All Colony dependencies run inside Docker -- no local GPU drivers, Ray, or Redis installation required. The `colony-env run` command copies your codebase to be analyzed into the cluster and executes inside the Ray head container with full access to the framework.

**Services started by `colony-env up`:**

| Service | Port | Description |
|---------|------|-------------|
| Colony dashboard | `localhost:8080` | Web UI for agents, sessions, VCM |
| Ray dashboard | `localhost:8265` | Cluster monitoring UI |
| Ray client | `localhost:10001` | Ray client connection |
| Redis | `localhost:6379` | State management backend |

### Web Dashboard

The Colony dashboard starts automatically with `colony-env up` at [localhost:8080](http://localhost:8080).
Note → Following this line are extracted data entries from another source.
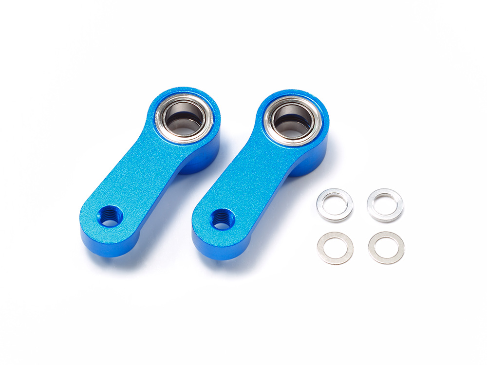 キット標準の樹脂製ステアリングアーム(A4パーツ)に換えて使用。850ベアリングを圧入したアルミ切削製アームがガタのないシャープな作動を生み出し、高速走行時のハンドリング精度を高めます。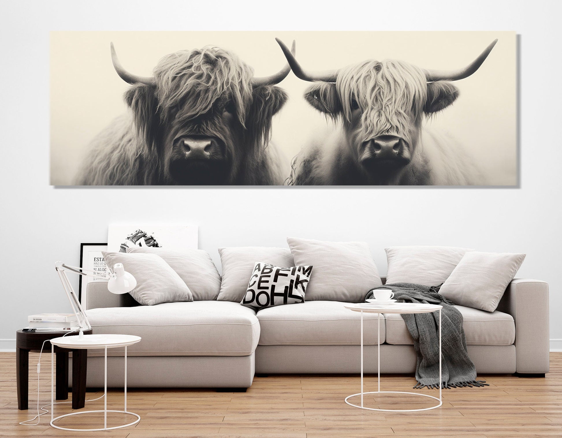 Highland Cows Canvas - Rustic Bedroom Decor | Romantic Animal Couple Print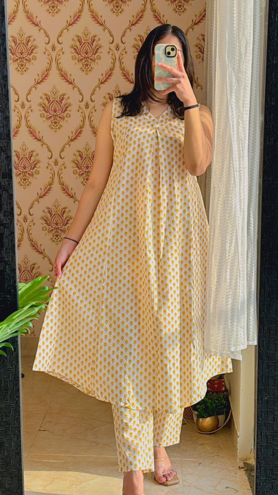 Introducing our charming White Sunshine Cotton Kurta Pants Set, where simplicity meets elegance! The kurta features a pristine white base adorned with delightful yellow small motifs prints, adding a touch of whimsy to your ensemble. Its sleeveless design and classic V-neckline exude modern sophistication, while the A-line pattern ensures a flattering silhouette that drapes beautifully.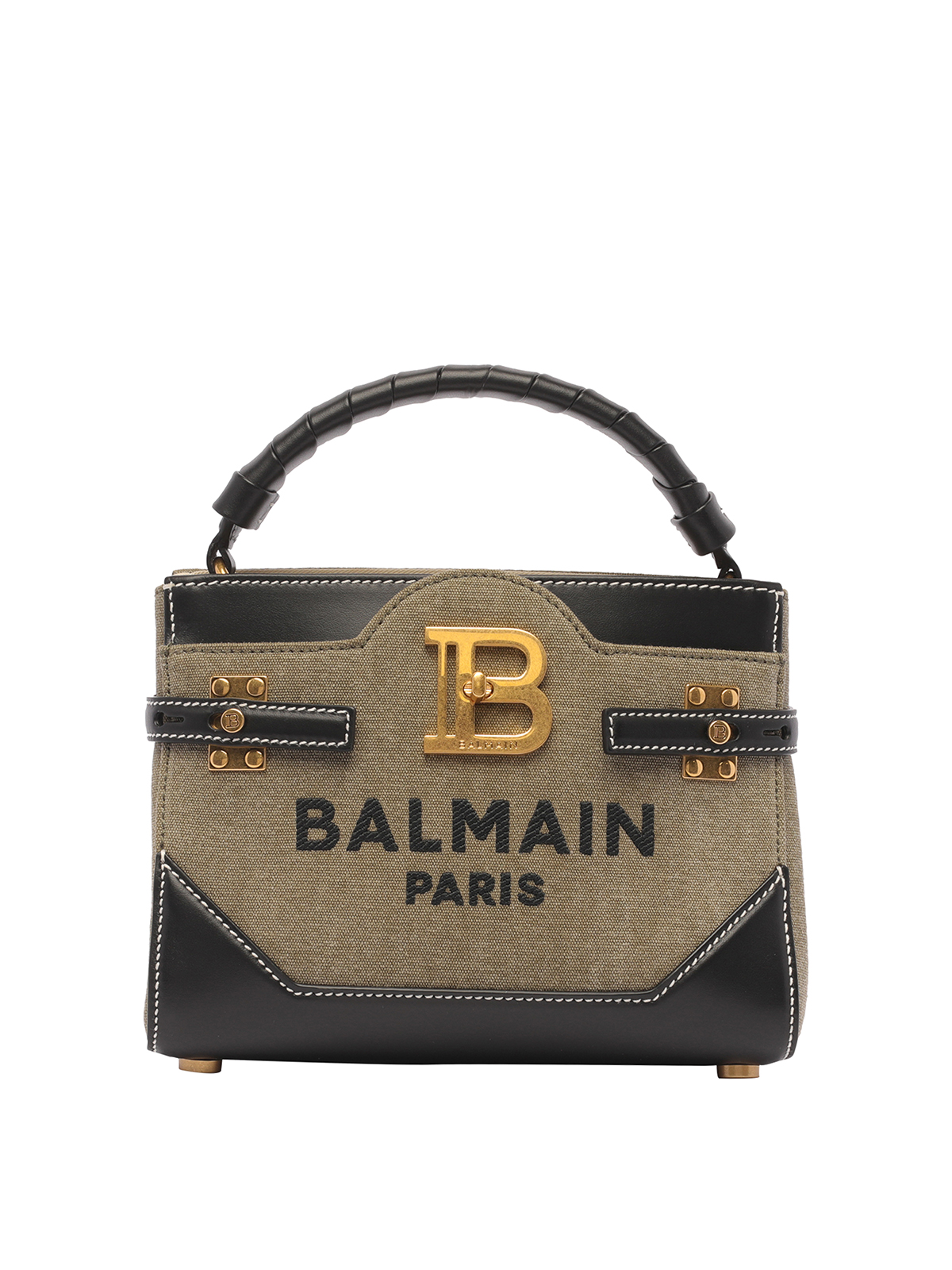 Balmain kaki green b-buzz handbag inner clip pocket one slot external pocket with turn lock closure one handle adjustable and removable strap logo on fr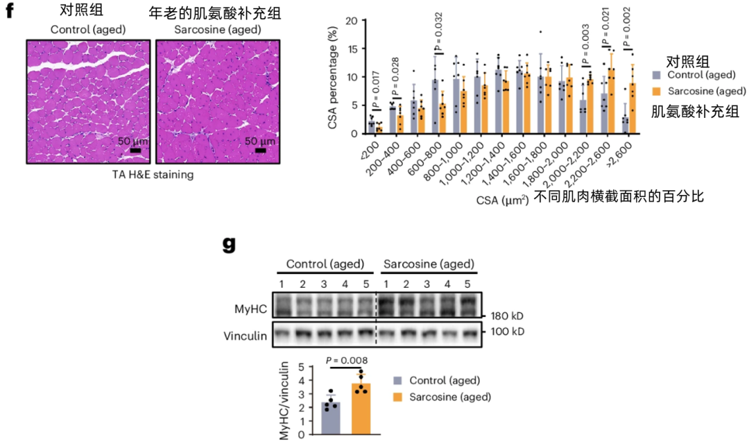 果然,在補充了肌氨酸後,老年鼠鼠的肌肉質量得到了有效維持,甚至略有回升!仔細看來,它們的肌纖維變得更粗壯、更飽滿,橫截面較大的肌纖維數量明顯增多,負責肌肉收縮的核心蛋白MyHC的表達也明顯增加了,成功抵抗了衰老帶來的肌肉流失與萎縮。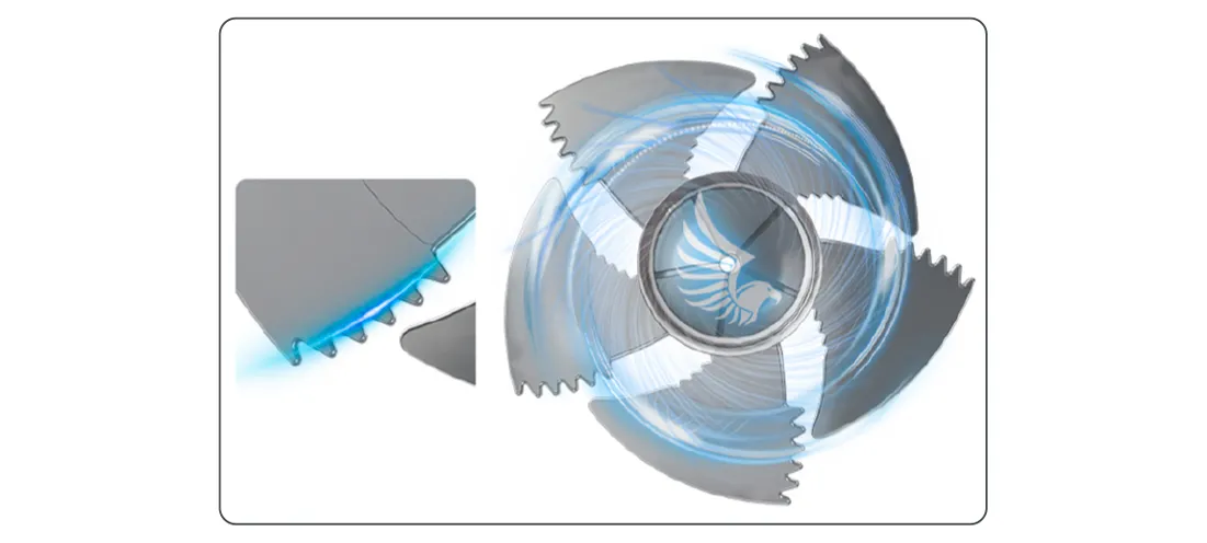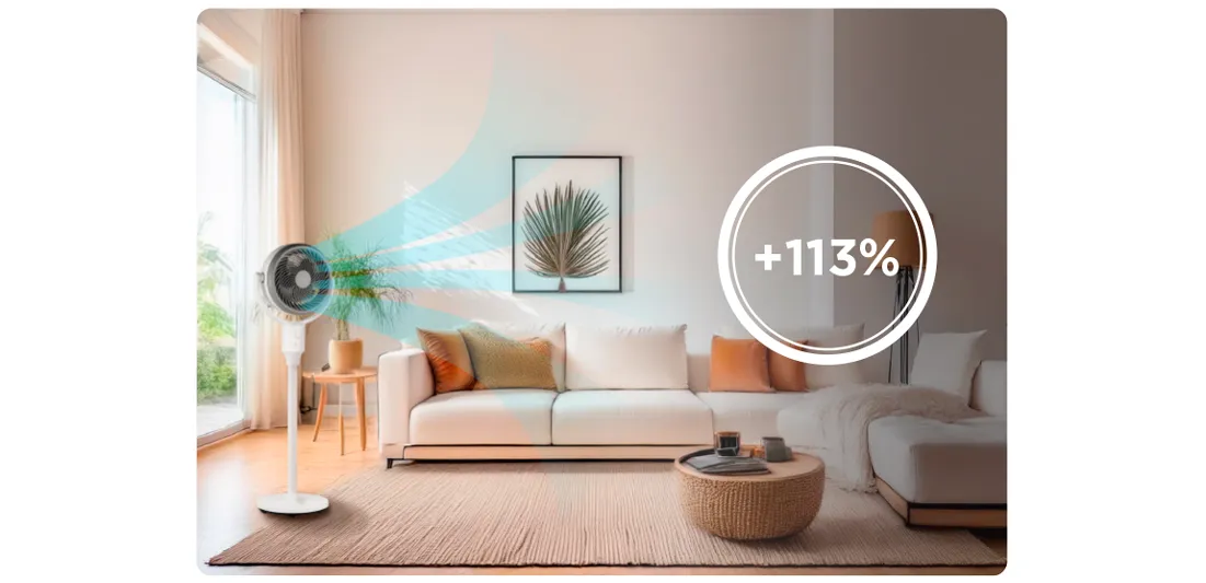 Genera un poderoso flujo de aire de hasta 277m/min, un 113%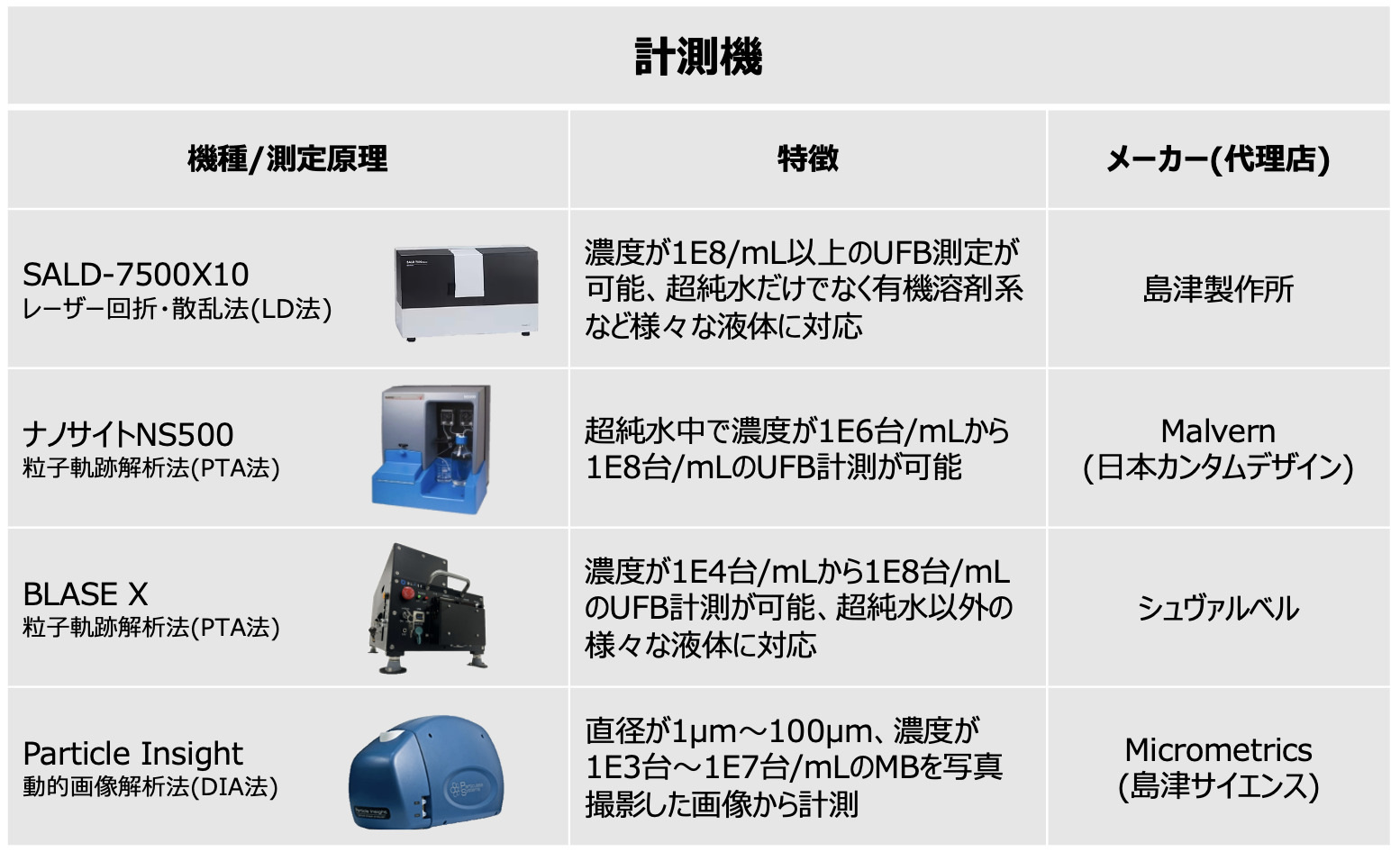 FBIAラボ設置計測器は以下の4種です。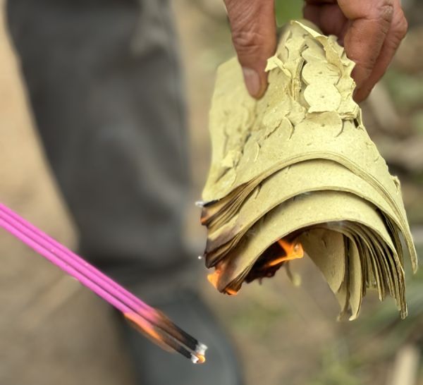 猪头肉在老人的口中被称为“财头”,寓意着丰盛和富饶。卤了三个小时的猪头肉被端上小方桌,一旁是整块豆腐,豆腐上插着一双筷子,再倒上白酒。点燃香纸,将杯中的酒洒在地上,手拿红香,作揖四方,神情虔诚。随后将红香插在地上,先祖的灵魂也循着火光,找到了回家的路。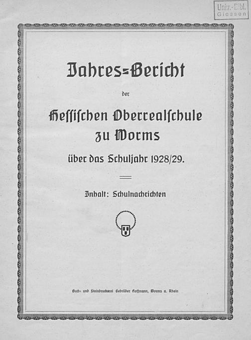 Jahres-Bericht der Hessischen Oberrealschule zu Worms über das Schuljahr ...

It provides:

- **Overview** — cluster health, application deployments, quick stats
- **Agents** — list registered agents, view state, capabilities, and details
- **Sessions** — browse sessions and their agent runs with token usage
- **VCM** — page table, working set, and virtual context statistics
- **Traces** — detailed tracing of agent actions, VCM operations, and system events for debugging and performance analysis

```bash
# Run the agent colony
colony-env down && colony-env up --workers 3 && colony-env run --local-repo /path/to/codebase --config my_analysis.yaml --verbose

# Open the dashboard in your browser
colony-env dashboard

# Use a custom port (must match COLONY_DASHBOARD_UI_PORT)
colony-env dashboard --port 9090
```

For frontend development, run the Vite dev server on the host with hot-reload:

```bash
cd src/polymathera/colony/web_ui/frontend
npm install
npm run dev     # Starts on localhost:5173, proxies /api to localhost:8080
```

## Key Features

| Feature | Description | Docs |
|---------|-------------|------|
| Virtual Context Memory | OS-style virtual memory for LLM KV caches with page tables and cache-aware scheduling | [VCM](https://polymathera.github.io/colony/architecture/virtual-context-memory/) |
| Agent Capabilities | Composable cognitive modules (memory, attention, games, confidence) attached to agents via AOP-inspired patterns | [Agent System](https://polymathera.github.io/colony/architecture/agent-system/) |
| Action Policies | LLM-centric planning with Model Predictive Control -- the LLM is the planner, not the framework | [Action Policies](https://polymathera.github.io/colony/architecture/action-policies/) |
| Blackboard | Redis-backed shared state with optimistic concurrency, causal timelines, and event-driven coordination | [Blackboard](https://polymathera.github.io/colony/architecture/blackboard/) |
| Memory Hierarchies | Unified memory system with sensory, working, short-term, and long-term memory -- all backed by blackboards | [Memory](https://polymathera.github.io/colony/architecture/memory-system/) |
| Game Engine | Hypothesis games, contract nets, negotiation, and consensus protocols for multi-agent coordination | [Games](https://polymathera.github.io/colony/architecture/game-engine/) |
| Hook System | AOP-inspired hooks for cross-cutting concerns (logging, tracing, metrics, memory triggers) | [Hooks](https://polymathera.github.io/colony/architecture/hook-system/) |

## Development

```bash
git clone https://github.com/polymathera/colony.git
cd colony
poetry install --all-extras
```

### Running Tests

```bash
pytest src/ --timeout=120 -x -q
```

### Documentation

```bash
poetry run mkdocs serve --livereload   # Local docs server at http://127.0.0.1:8000/
poetry run mkdocs build                # Build static site
```

## Contributing

We welcome contributions. See [CONTRIBUTING.md](CONTRIBUTING.md) for development setup, code conventions, and the PR process.

## License

Apache 2.0 -- see [LICENSE](LICENSE).